本記事では、ダイヤモンドの価値に大きく影響する「4C」について解説します。後半では、品質を客観的に評価したレポート「鑑定書」についても紹介しているので、ぜひ参考にしてください。
ダイヤモンドの価値を決める、4つの「C」
ダイヤモンドの価値は「4C」と呼ばれる評価基準に大きく影響されます。4Cは1950年代にG.I.A(米国宝石学会)が定めたもので、国際的に使用されている基準であり、日本で鑑定されるダイヤモンドも例外ではありません。
4Cはそれぞれ、Carat(カラット/重さ)、Color(カラー/色)、Clarity(クラリティ/透明度)、Cut(カット/研磨)の頭文字をとっています。それぞれの評価基準の内容を順番に見ていきましょう。
Carat : カラット(重さ)
ひとつ目は「カラット」です。カラットは、宝石全体の重さを測る際の単位で、「ct」と表記されます。
1.0ctは0.200gですが、重さだけでは小さなダイヤを複数個集めて「重いor軽い」と判断されてしまうため、ひとつひとつの大きさも参照する必要があります。
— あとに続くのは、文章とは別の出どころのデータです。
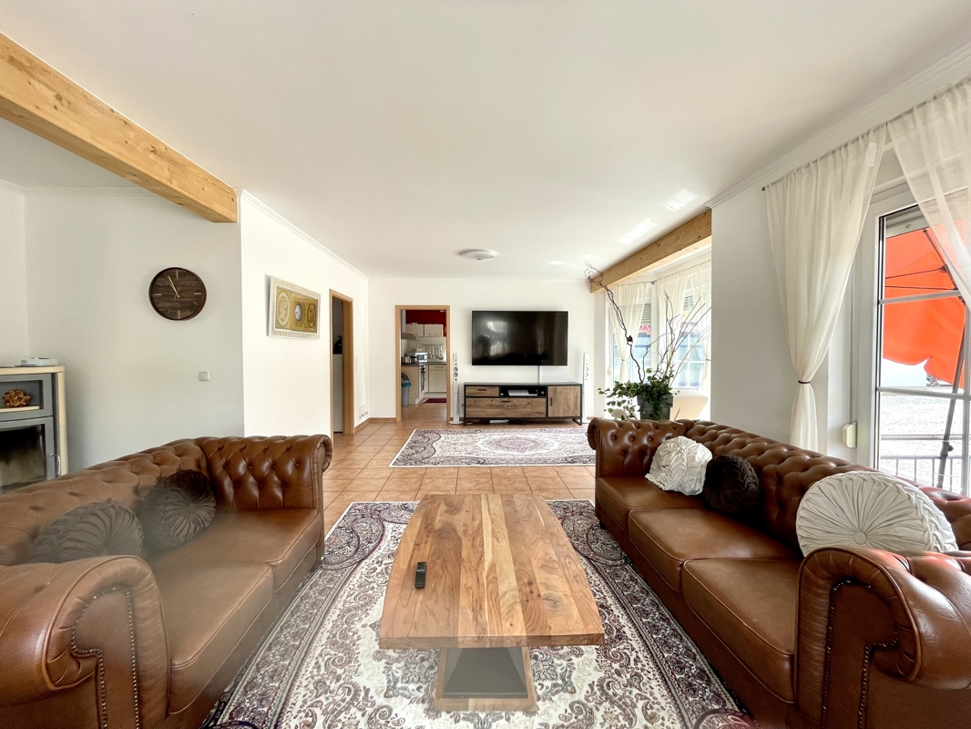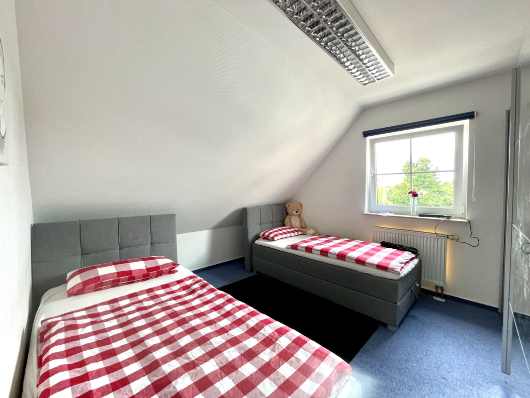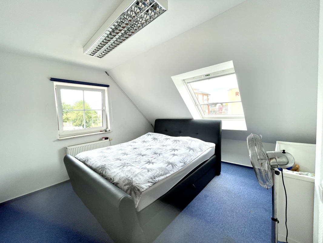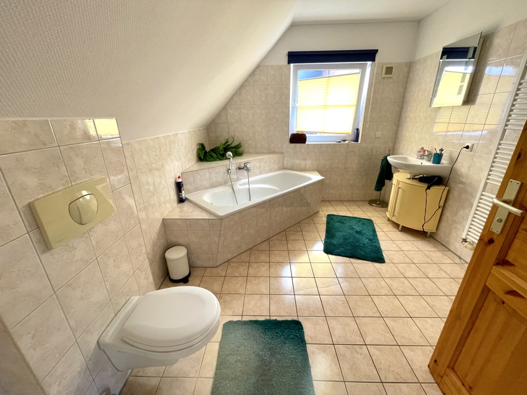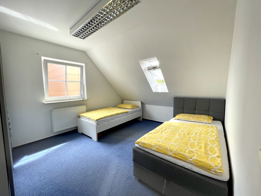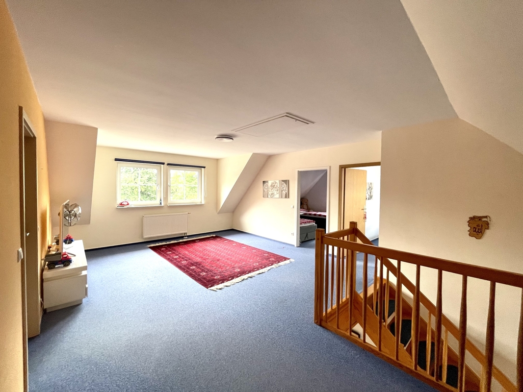 Im Obergeschoss gelangen Sie über einen stattlichen und offenen Gemeinschafts- oder Aufenthaltsbereich zu drei weiteren Zimmern/Büros zur flexiblen Nutzung und einem Tageslichtbadezimmer mit Dusche und Wanne. Durch den Einbau von Dachgauben kann hier weitere Nutzfläche gewonnen und die vorhandene Substanz erweitert werden - weiteres Potenzial liegt im aktuell unverbauten Spitzboden des Gebäudes.

1.0ctのダイヤモンド1個と0.1ctのダイヤモンド10個では重さは同じですが、1個で1.0ctのダイヤモンドのほうがより希少性が高いというわけです。
こういった評価の仕方を「メートルカラット」と呼び、一個体が大きくて重いほど価値が高いダイヤモンドとして評価されます。
Color : カラー(色)
ふたつ目は、「カラー」です。ダイヤモンドそのものが持つ地色のことを指しています。
最も価値が高いとされる「無色:Colorless(D〜F)」から、「ほぼ無色:Near Colorless(G〜J)」、「ごくわずかな色味:Faint(K〜M)」、「かすかな色味:Very Light(N〜S)」、「色味あり:T〜Z」という5つのグレードと、23段階の色評価に分けられています。
科学的にも証明された不純物のない純粋なカラーレスグレードは、最上級のダイヤモンドと呼べるでしょう。
Clarity : クラリティー(透明度)
3つ目は「クラリティ」です。よく「カラー」と混同されがちですが、こちらはダイヤモンドの「透明度」を示す基準であり、表面や内部に含まれる天然の内包物や疵(キズ)の有無をみます。
「内包物(インクルージョン)」は、ダイヤモンド内部に含まれる鉱物の結晶などが影響しています。「疵(ブレミッシュ)」は表面のキズや欠けなどです。ダイヤモンドを10倍拡大鏡で見た場合の様子に基づいて決定され、大きく6段階に分かれています。
「内外部無欠点:Flawless(FL)」、「内部無欠点:Internally Flawless(IF)」、「非常に発見困難:Very Very Slightly Included(VVS1、VVS2)」、「発見困難:Very Slightly Included(VS1、VS2)」、「比較的容易に発見できる:Slightly Included(Sl1、Sl2)」、「肉眼でも発見できる:Included(l1、l2、l3)」となっています。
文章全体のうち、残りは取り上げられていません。